Chinese official warns of risk if yuan rises
A senior Chinese trade official warned that any further appreciation of the Chinese currency risked driving exporters out of business, underscoring the domestic political pressures on Beijing amid growing international calls for China to let the yuan rise.
Vice Commerce Minister Zhong Shan, in an exclusive interview Thursday ahead of a visit to the U.S., said that the profit margin on many Chinese export goods was less than 2%.
Most exporters absorbed the appreciation in the value of the yuan that followed its revaluation in 2005 by boosting innovation and cutting costs, but many were forced to close, he said. A further rise in the currency's value would endanger more exporters' survival, which China can't afford, he said.
Mr. Zhong talked about a potential tipping-point effect to describe the fragile situation of many exporters. "Water doesn't boil if it is heated to 99 degree Celsius. But it will boil if it is heated by one more degree," he said. Likewise, "a further rise in the yuan by a very small magnitude might cause fundamental changes" to exporters in China, he said.
The yuan climbed 21% against the dollar from 2005 to 2008, when China adopted a managed-float currency system under which the yuan's value was linked to a basket of currencies. But the yuan has been kept almost unchanged against the dollar since the outbreak of the global crisis to help Chinese exporters, which has prompted much criticism from abroad.
Earlier in the week, a bipartisan group of U.S. senators introduced legislation aimed at forcing the Obama administration to take action against China over its currency policy, reflecting growing anger on Capitol Hill over the issue. On Thursday, U.S. Ambassador to China Jon Huntsman, in a speech to students at Tsinghua University in Beijing, called on China to allow "more flexibility" on the yuan exchange rate.
Mr. Zhong said that "I fully understand the state of mind of the U.S. government and its people" toward the problem of high unemployment. He pointed out, however, that while the U.S. has a jobless rate of more than 9%, compared with China's urban jobless rate of slightly more than 4%, the absolute number of China's jobless is far higher because of its much larger population. China makes no secret of the fact that its currency policy is designed partly to protect jobs in the export sector and thus maintain social stability.
Within Beijing's government bureaucracy, the thinking on exchange rates isn't monolithic. The Chinese Commerce Ministry is under particular pressure from the exporter lobby to defend their interests, and Mr. Zhong's comments reflect that political reality. Labor-intensive exporters have the most to lose from currency appreciation, which erodes their competitiveness.
Mr. Zhong said China is willing to purchase more American goods and take other steps to reduce its trade surplus with the U.S.
But he urged the U.S. to find a solution at home rather than put pressure on China. He noted that China found ways to cope when tens of millions of workers were thrown into unemployment in the late 1990s when the government shuttered unprofitable state-run enterprises. "When we have a problem, we usually look for the causes internally. However, the U.S. tends to look for reasons from the outside. There's a cultural difference between our two nations," Mr. Zhong said.
As an example of these differences, he said that more than a decade ago when he was chairman of a Chinese textile trading company he noticed that when U.S. business executives visited China "they said they must fly first class and stay at five-star hotels." He claimed he never awarded himself such luxuries. "I wanted to save costs and ease pressures within the company starting from the position of chairman," he said.
Mr. Zhong warned that a rise in the value of China's export products could also accelerate inflation in the U.S. and the rest of the world.
However, he carefully avoided saying that China would keep the currency regime entirely unchanged. "We are willing to have discussions with the U.S. on the currency issue. There's nothing that can't be discussed between China and the U.S. But if you pressure us to do something, that's not in line with China's culture," Mr. Zhong said.
Premier Wen Jiabao, at a news conference on Sunday, argued that the yuan isn't undervalued.
Mr. Zhong is scheduled to leave Saturday for the U.S., where he will meet U.S. representatives including congressmen to seek ways to improve the bilateral trade relationship amid rising political and economic tensions.

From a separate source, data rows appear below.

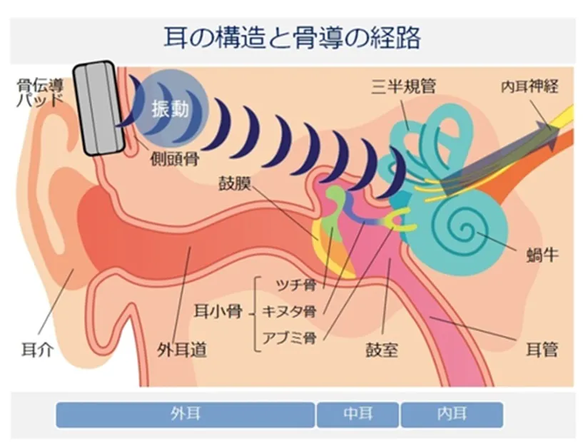 耳の聞こえが良くない方(伝音難聴)に効果が見込めると言われています。伝音難聴とは外耳道、鼓膜、耳小骨に異常があり音がうまく伝わらない事が原因の難聴です。このため内耳に直接音を伝える骨伝導は効果が見込めます。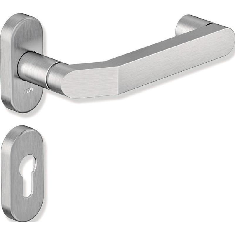 in H-Technik mit Rosetten nach DIN 18255 und DIN EN 1906 aus Edelstahl, Overfläche matt geschliffen, bestehend aus: Türdrücker Modell 273X... aus Edelstahl (1.4301), Ansatz-Durchmesser 21,3 mm, mit Ansatzführung und Rastnut, mit Gewindestift M5 als zusätzliche Fixierung der Türdrücker mit dem Vierkantstift zur optimalen Kraftübertragung in das Türblatt. Der Drücker erfüllt die Richtlinien des Bundesverbandes der Unfallkassen e. V. (BUK) - Sicherheitsabstand zur Schließkante 25 mm. Der Drücker erfüllt die Vorgaben der DIN EN 179. Montage durch einfaches Einrasten der Türdrücker in die auf der Tür vormontierten Unterteile. Die Rastung kann mittels Demontageschlüssel wieder gelöst werden. Rosetten 315.21X... und 316X..., Unterkonstruktion 315.21X... in Kunststoff-Stahlverbundbau mit schwarzer Zink/Nickel-Oberfläche für optimalen Korrosionsschutz, integriertes Hochhaltemodul mit Federunterstützung, DIN links und DIN rechts verwendbar, zur Unterstützung des Schlosses für eine längere Lebensdauer. Festdrehbarlagerung der Drücker mit selbsttätig einrastender Rundumverriegelung und 5 mm Lagerstelle als wartungsfreies Gleitlager mit elastischem Ausgleichsbereich zum Aufheben möglicher Montageungenauigkeiten. Rosetten-Abdeck-Kappe, oval, aus Edelstahl (1.4301), Durchmesser 55 mm, 12 mm hoch, 1,5 mm Wandstärke. Ausgelegt und geprüft für den Objektbereich, Gebrauchs-Kategorie nach DIN EN 1906 - Klasse 4 Garnitur, mit Vierkantstift 8 mm, für Türstärke 38-48 mm · Drückerlänge 155 mm · Rahmentürgarnitur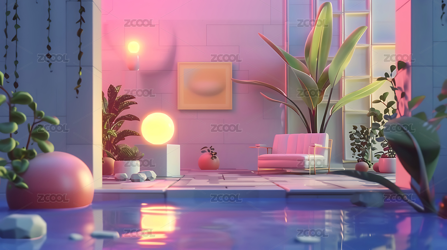 卡通,3d,乐园,梦幻,童话,清新,自然,展台,风景,春天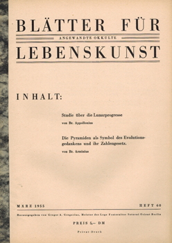 Blätter für angewandte okkulte Lebenskunst. März 1955 – [Heft 60]. Herausgegeben (als Privatdruck) von Gregor A. Gregorius. Meister der Loge Fraternitas Saturni Orient Berlin, Berlin 1955. 4°. 1 Bl. (Deckblatt m. Titel), 13 Bl. Typoskriptdruck mit Klammerheftung und Fälzelstreifen.

Earlier this week, Commerce Ministry's spokesman Yao Jian said the ministry has been examining the potential impact of a change in the yuan's value on exporters. Domestic media have reported other ministries are conducting similar investigations, dubbed "stress tests." However, economists say this shouldn't be interpreted as a sign Beijing is laying the groundwork for a rapid rise in the yuan in coming months, and some said China could in fact use the studies to argue against an appreciation of the currency.
Asked about a growing concern among many multinational companies about a worsening business environment in China, Mr. Zhong said China remains one of the most attractive destinations in the world for foreign investment and is determined to open its market further.